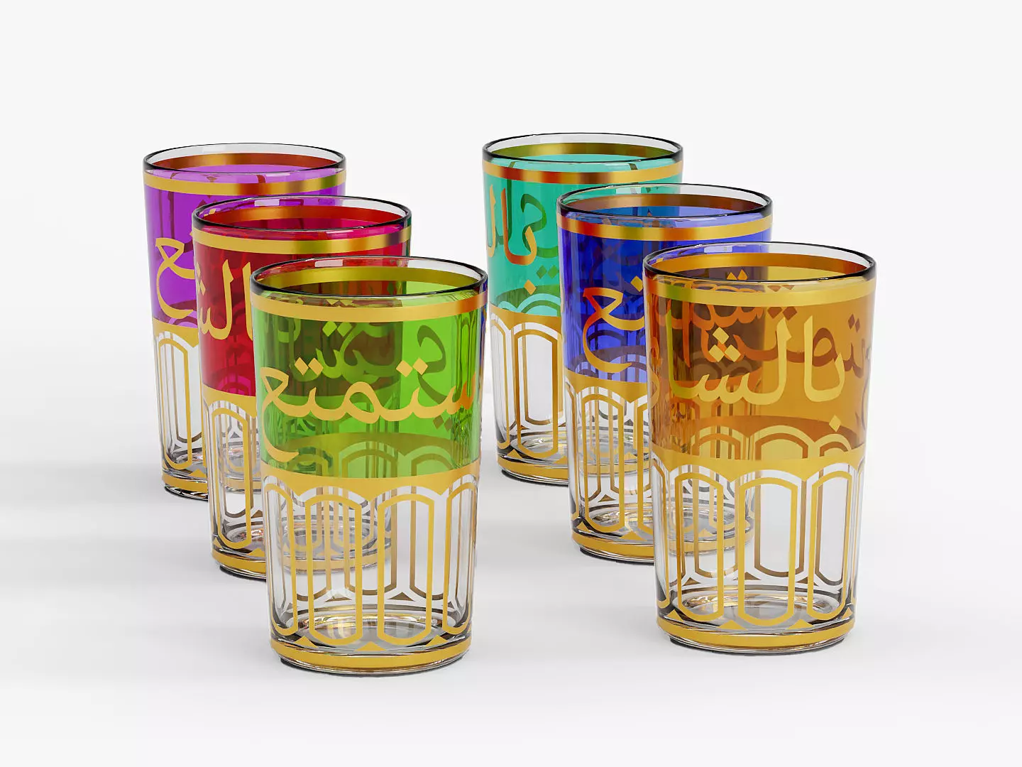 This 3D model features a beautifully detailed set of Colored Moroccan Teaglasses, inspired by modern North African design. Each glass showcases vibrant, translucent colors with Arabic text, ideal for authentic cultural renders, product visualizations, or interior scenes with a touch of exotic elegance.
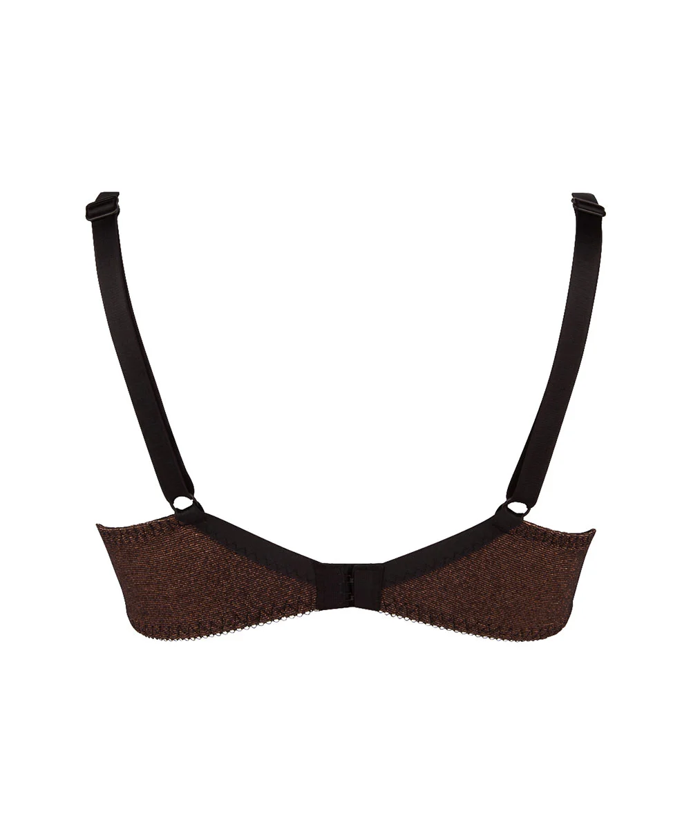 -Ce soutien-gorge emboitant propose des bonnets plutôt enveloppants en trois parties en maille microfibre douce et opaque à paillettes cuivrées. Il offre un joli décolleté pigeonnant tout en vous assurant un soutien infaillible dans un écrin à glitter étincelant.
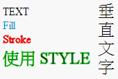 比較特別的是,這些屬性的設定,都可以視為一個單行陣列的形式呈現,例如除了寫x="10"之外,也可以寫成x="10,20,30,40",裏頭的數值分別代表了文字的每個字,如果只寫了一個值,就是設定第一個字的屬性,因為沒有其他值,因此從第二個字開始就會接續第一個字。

———

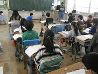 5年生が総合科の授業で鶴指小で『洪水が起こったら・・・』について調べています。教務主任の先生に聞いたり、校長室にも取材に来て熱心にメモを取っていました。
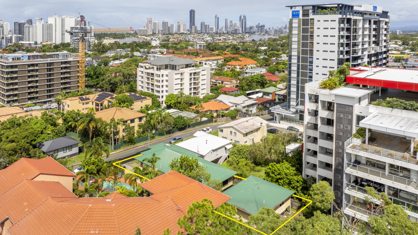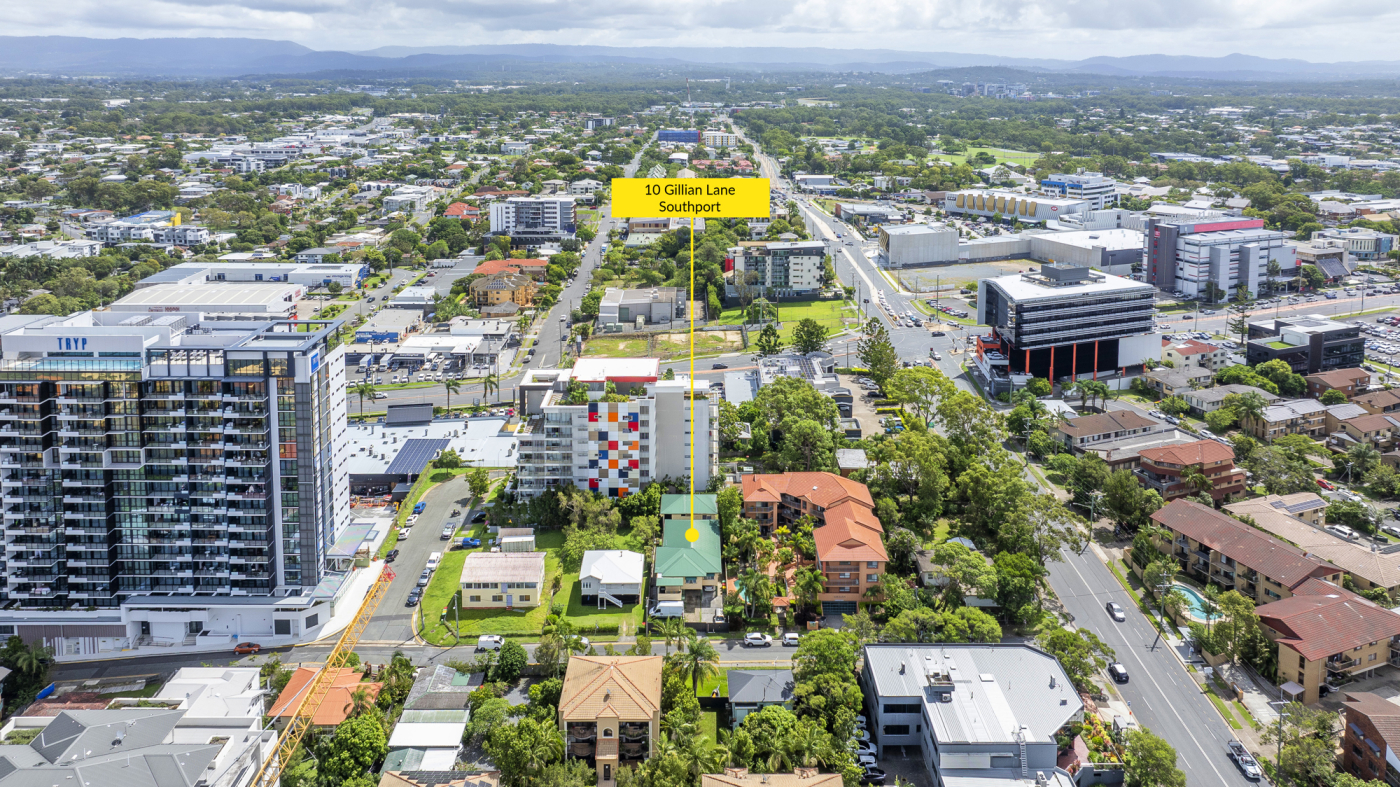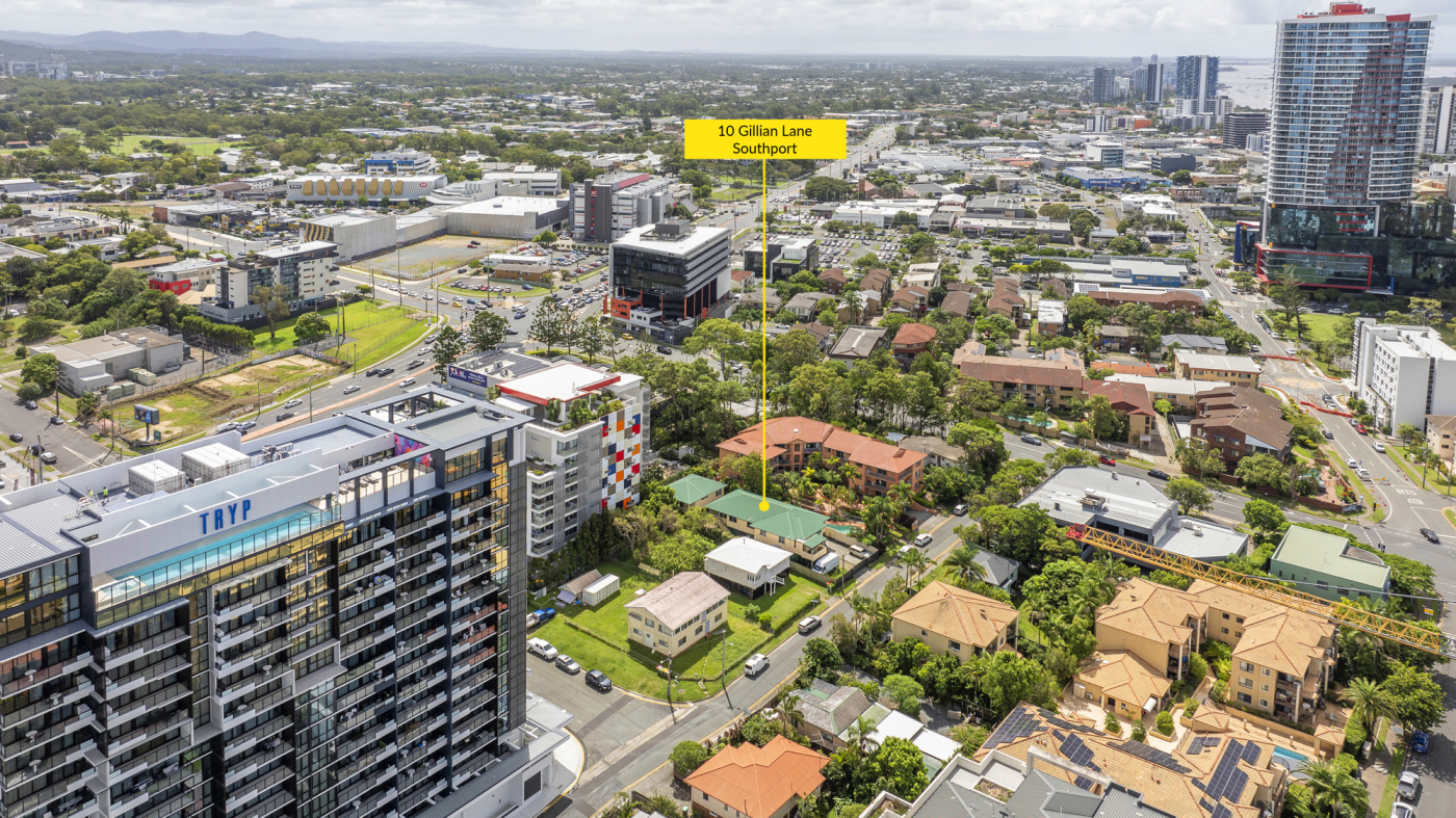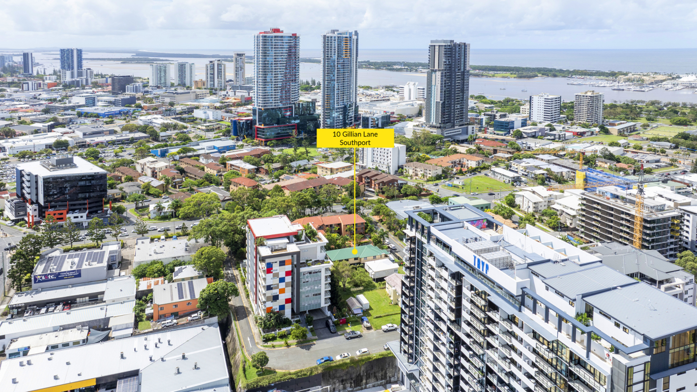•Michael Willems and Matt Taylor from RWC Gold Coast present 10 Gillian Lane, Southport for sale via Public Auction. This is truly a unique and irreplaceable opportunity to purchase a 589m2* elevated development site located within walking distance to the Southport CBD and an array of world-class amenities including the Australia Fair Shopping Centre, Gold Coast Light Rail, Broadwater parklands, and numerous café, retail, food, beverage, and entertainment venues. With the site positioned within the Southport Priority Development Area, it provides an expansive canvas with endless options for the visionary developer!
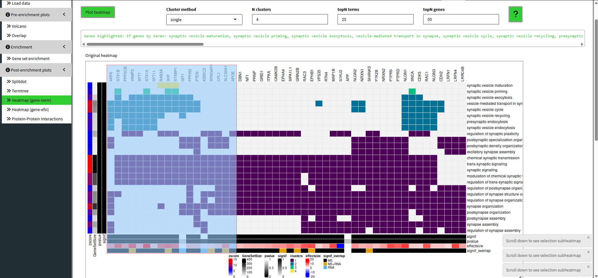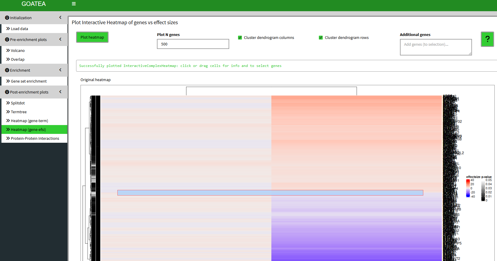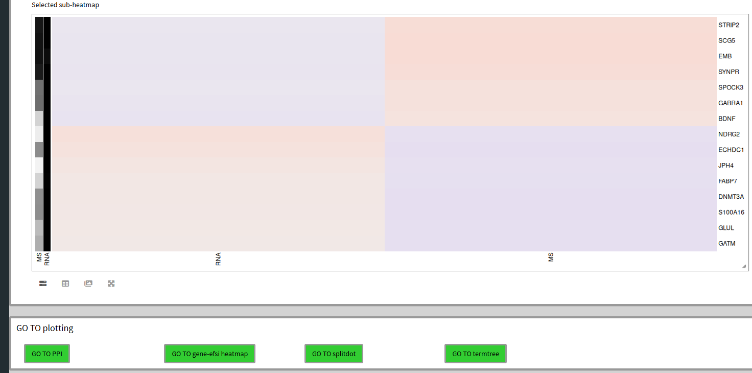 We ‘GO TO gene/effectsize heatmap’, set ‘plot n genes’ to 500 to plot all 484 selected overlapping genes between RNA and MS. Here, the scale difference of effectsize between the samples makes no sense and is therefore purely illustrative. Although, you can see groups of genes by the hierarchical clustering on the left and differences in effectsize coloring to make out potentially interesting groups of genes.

———

▸ **Activity**:
Using the data above, set down each line from the line with "This 3D model" to the line with "比較特別的是,這些屬性的設定" exactly, both ends included, and leave the pictures behind. Nothing else belongs.

▸ **Expected output**:
 This 3D model features a beautifully detailed set of Colored Moroccan Teaglasses, inspired by modern North African design. Each glass showcases vibrant, translucent colors with Arabic text, ideal for authentic cultural renders, product visualizations, or interior scenes with a touch of exotic elegance.
 -Ce soutien-gorge emboitant propose des bonnets plutôt enveloppants en trois parties en maille microfibre douce et opaque à paillettes cuivrées. Il offre un joli décolleté pigeonnant tout en vous assurant un soutien infaillible dans un écrin à glitter étincelant.
 比較特別的是,這些屬性的設定,都可以視為一個單行陣列的形式呈現,例如除了寫x="10"之外,也可以寫成x="10,20,30,40",裏頭的數值分別代表了文字的每個字,如果只寫了一個值,就是設定第一個字的屬性,因為沒有其他值,因此從第二個字開始就會接續第一個字。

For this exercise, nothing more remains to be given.